**Source data**

= = = = =

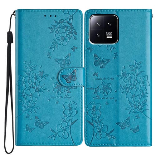 Para Xiaomi 13 Funda de Cuero para Teléfono con Mariposas y Flores (Azul)
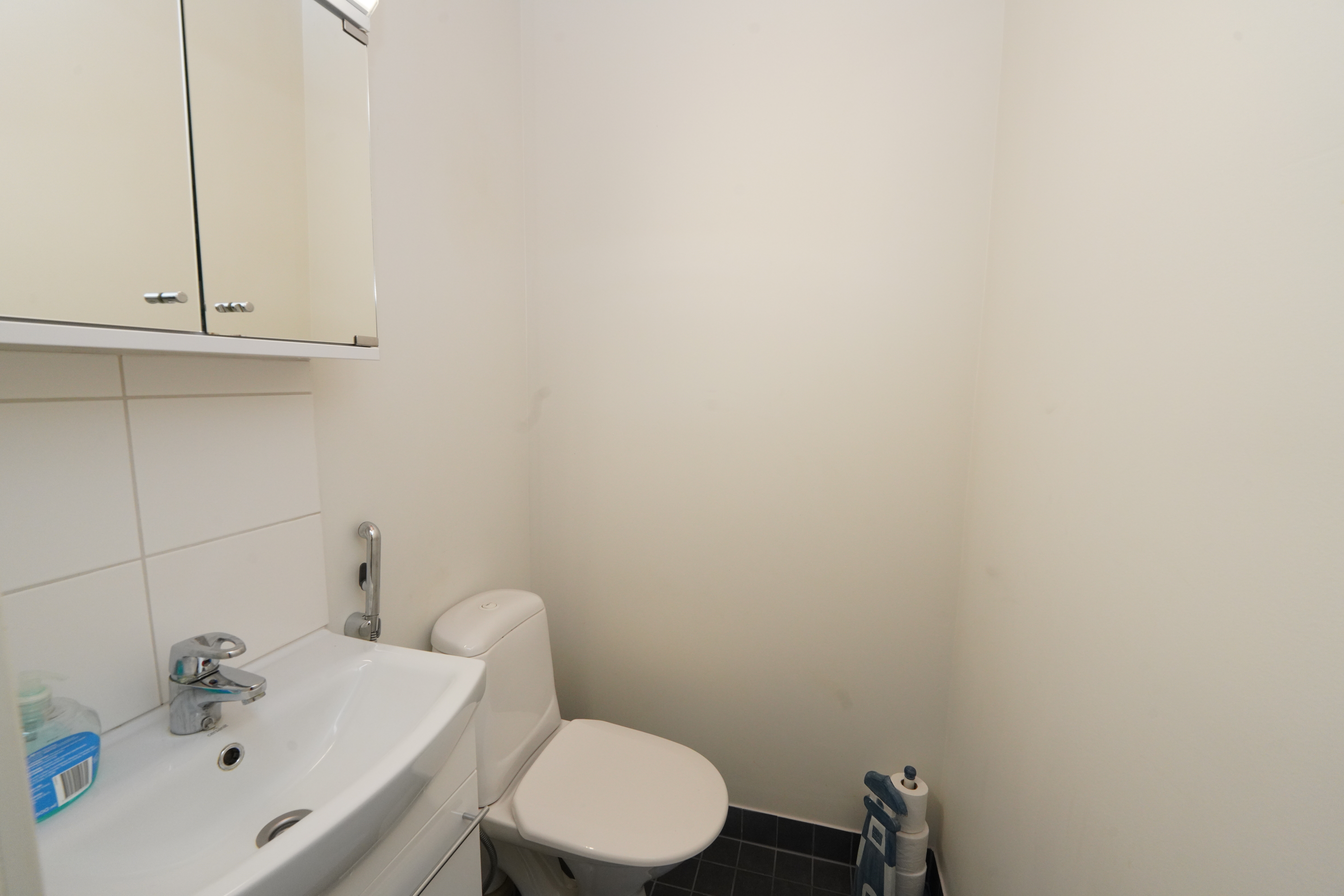 Varusteet: lattiaan asennettu WC, bidee, peilikaappi
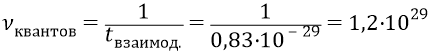 Мы видим, что полученная усреднённая частота следования квантов для кварка – приёмника уступает требуемой на 6 порядков величины. Поэтому нам придётся увеличить плотность распределения квантов на площадке квадратного метра на эти 6 порядков: получим
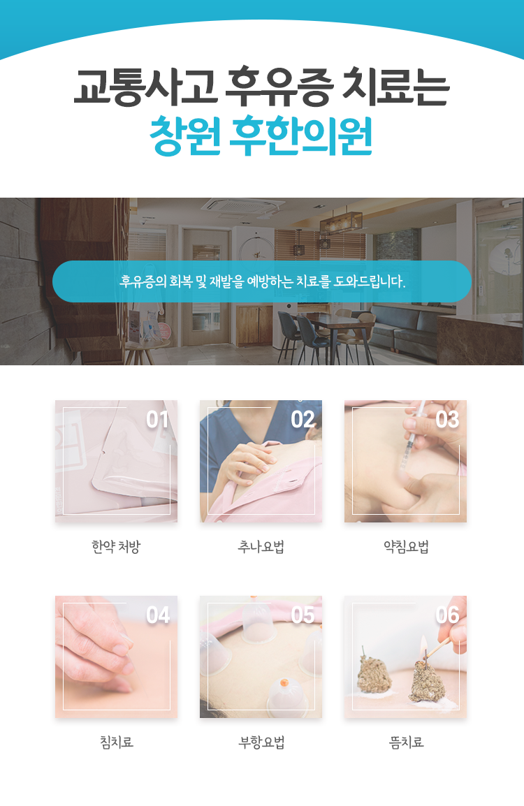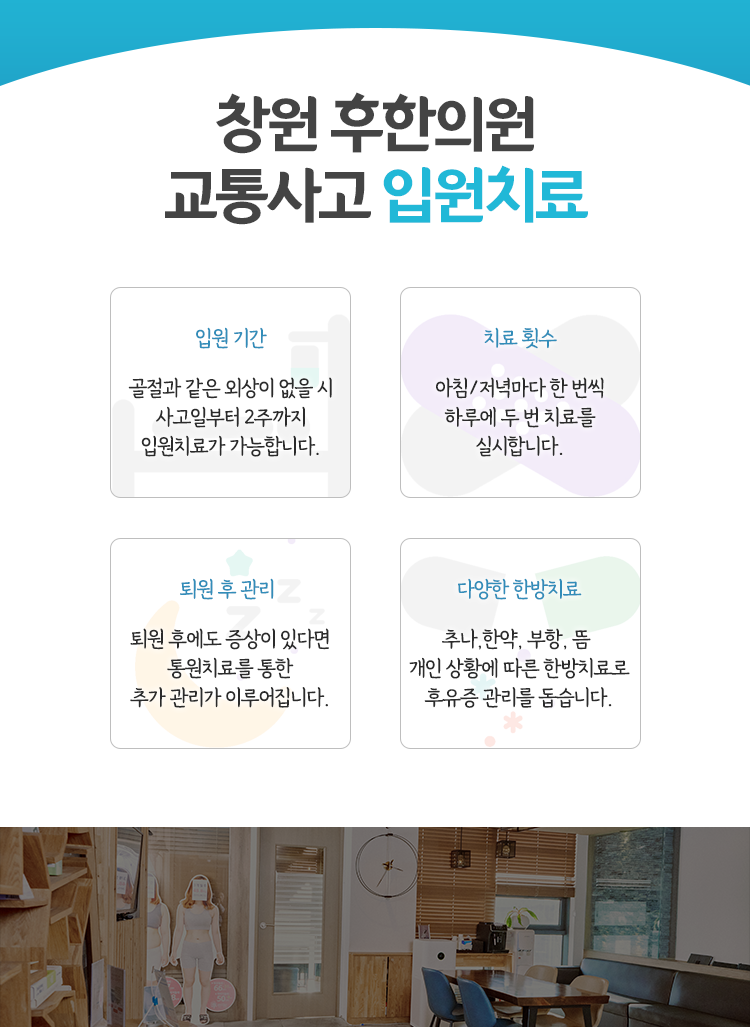 주로 진행이 되는 건 한약 처방, 약침, 부항, 추나 등이 있었습니다. 그리고 본원은 입원실을 운영하고 있기 때문에 창원교통사고치료한의원에서 진행이 되는 치료는 입원치료로도 이루어지고 있다는 점을 같이 설명할 수가 있었습니다.

= = = = =

**Problem statement**
With the pictures excluded, restate the material exactly as it stands.

**Result of the exercise**
 Para Xiaomi 13 Funda de Cuero para Teléfono con Mariposas y Flores (Azul)
 Varusteet: lattiaan asennettu WC, bidee, peilikaappi
 Мы видим, что полученная усреднённая частота следования квантов для кварка – приёмника уступает требуемой на 6 порядков величины. Поэтому нам придётся увеличить плотность распределения квантов на площадке квадратного метра на эти 6 порядков: получим
 주로 진행이 되는 건 한약 처방, 약침, 부항, 추나 등이 있었습니다. 그리고 본원은 입원실을 운영하고 있기 때문에 창원교통사고치료한의원에서 진행이 되는 치료는 입원치료로도 이루어지고 있다는 점을 같이 설명할 수가 있었습니다.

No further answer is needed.